**RECORDS TO PROCESS**
= Beginning of Section =
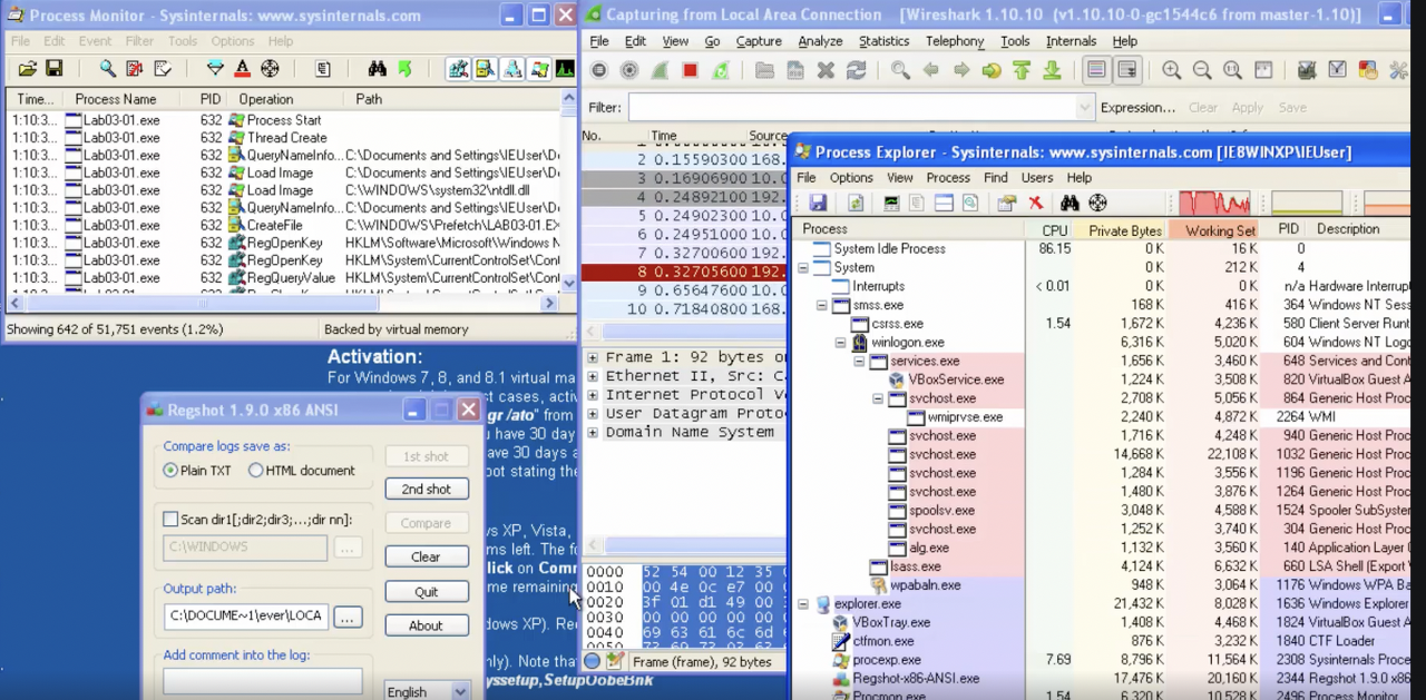 - 레지스트리, 파일시스템, 프로세스. 네트워크 활동을 이해하기 위해 분리된 가상 머신 환경에서 실행하며 분석
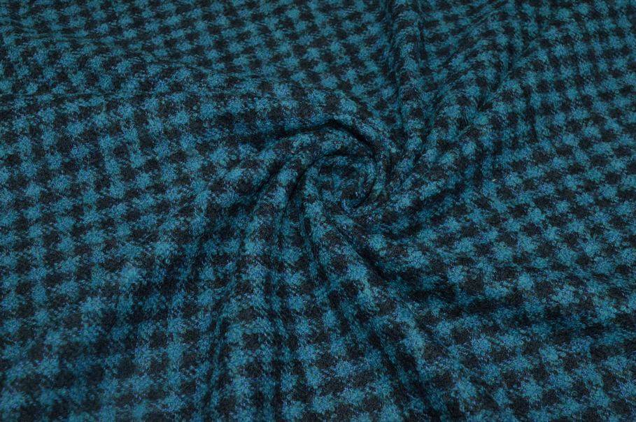 Vendita online tessuti abbigliamento tessuto lana tessuto pura lana effetto boucle scacco azzurro - Tessuti & Stoffe
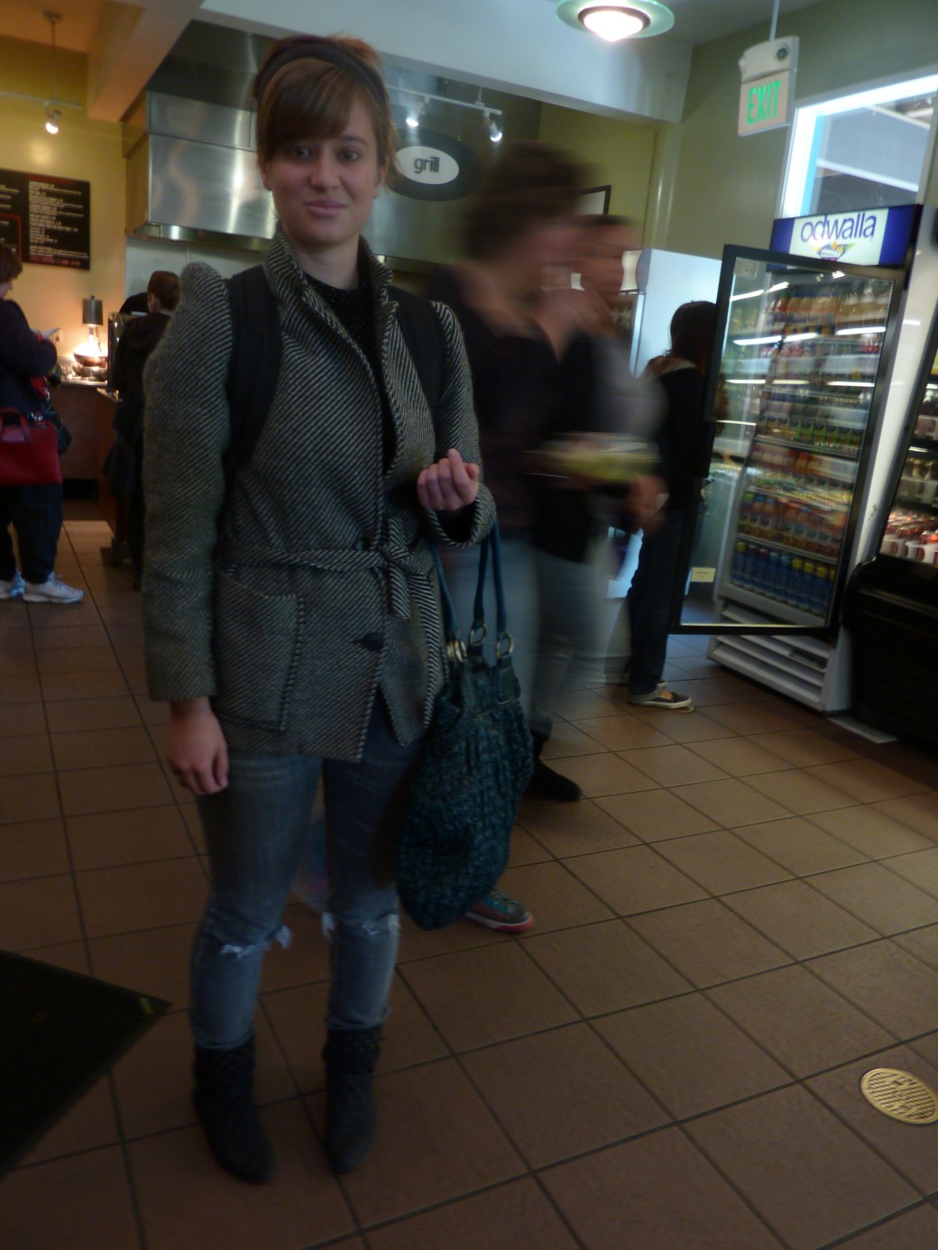 Why I chose her ? Her winter coat was well fitted, vibrant, well-structured and a good buy for these seasons. Her denim were nice and perfect for a day at school. Melanie’s boots were cute, short and definitely had personality.I love big bags and she was rockin’ a nice one.
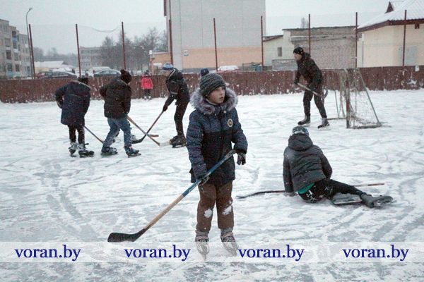 Сотрудники отдела образования, спорта и туризма райисполкома в первые морозные дни начали обустройство открытых катков. Уже в среду встретила любителей острых ощущений хоккейная площадка в райцентре. Десятка два розовощеких мальчишек и девчонок гоняли шайбу и учились делать «ласточку». Пускай не все было гладко, но даже падения не могли омрачить восторг и радость детворы. За тем, как на льду резвились школьники, наблюдали не только прохожие взрослые, но и другие ребята. Видимо, они не прочь были переобуться в коньки. Кстати, в Вороновской СДЮШОР открыт прокат этого снаряжения. Пункт проката работает с понедельника по пятницу с 8.30 до 18.00, обеденный перерыв — с 13.00 до 14.00. Есть возможность взять коньки на все выходные в пятницу. Стоимость: один час — 1,5 рубля; на сутки — 6 рублей.
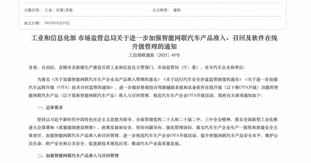 今年2月25日,工信部、市场监管总局发出通知,进一步加强智能网联汽车产品准入、召回及软件在线升级管理。提升智能网联汽车产品安全水平,维护公民生命、财产安全和公共安全,促进新技术规范应用,推动汽车产业高质量发展。
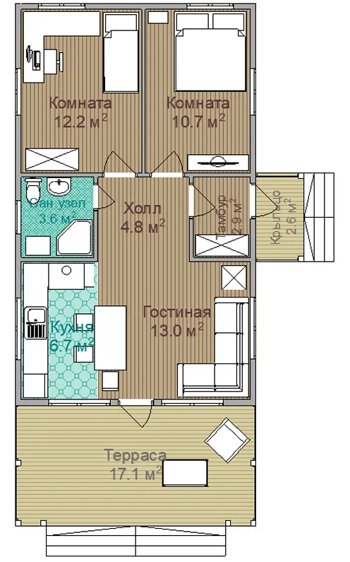 | Утепление Стены 150 мм; Пол 150 мм; Потолок 150 мм | Утепление Стены 200 мм; Пол 200 мм; Потолок 200 мм; Перегородки 100 мм |
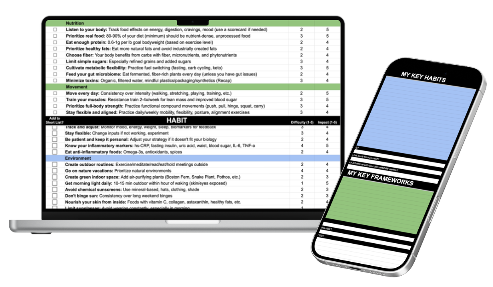 Every habit, protocol, and framework from the book, organized by system (nutrition, movement, sleep, stress, etc.), with difficulty and impact scores. Use it during the workshop to instantly pick the 2–3 habits that will move the needle most for your situation, without rereading all 28 chapters.
= End of Section =
Print all the entries exactly as they appear, without the pictures.

 - 레지스트리, 파일시스템, 프로세스. 네트워크 활동을 이해하기 위해 분리된 가상 머신 환경에서 실행하며 분석
 Vendita online tessuti abbigliamento tessuto lana tessuto pura lana effetto boucle scacco azzurro - Tessuti & Stoffe
 Why I chose her ? Her winter coat was well fitted, vibrant, well-structured and a good buy for these seasons. Her denim were nice and perfect for a day at school. Melanie’s boots were cute, short and definitely had personality.I love big bags and she was rockin’ a nice one.
 Сотрудники отдела образования, спорта и туризма райисполкома в первые морозные дни начали обустройство открытых катков. Уже в среду встретила любителей острых ощущений хоккейная площадка в райцентре. Десятка два розовощеких мальчишек и девчонок гоняли шайбу и учились делать «ласточку». Пускай не все было гладко, но даже падения не могли омрачить восторг и радость детворы. За тем, как на льду резвились школьники, наблюдали не только прохожие взрослые, но и другие ребята. Видимо, они не прочь были переобуться в коньки. Кстати, в Вороновской СДЮШОР открыт прокат этого снаряжения. Пункт проката работает с понедельника по пятницу с 8.30 до 18.00, обеденный перерыв — с 13.00 до 14.00. Есть возможность взять коньки на все выходные в пятницу. Стоимость: один час — 1,5 рубля; на сутки — 6 рублей.
 今年2月25日,工信部、市场监管总局发出通知,进一步加强智能网联汽车产品准入、召回及软件在线升级管理。提升智能网联汽车产品安全水平,维护公民生命、财产安全和公共安全,促进新技术规范应用,推动汽车产业高质量发展。
 | Утепление Стены 150 мм; Пол 150 мм; Потолок 150 мм | Утепление Стены 200 мм; Пол 200 мм; Потолок 200 мм; Перегородки 100 мм |
 Every habit, protocol, and framework from the book, organized by system (nutrition, movement, sleep, stress, etc.), with difficulty and impact scores. Use it during the workshop to instantly pick the 2–3 habits that will move the needle most for your situation, without rereading all 28 chapters.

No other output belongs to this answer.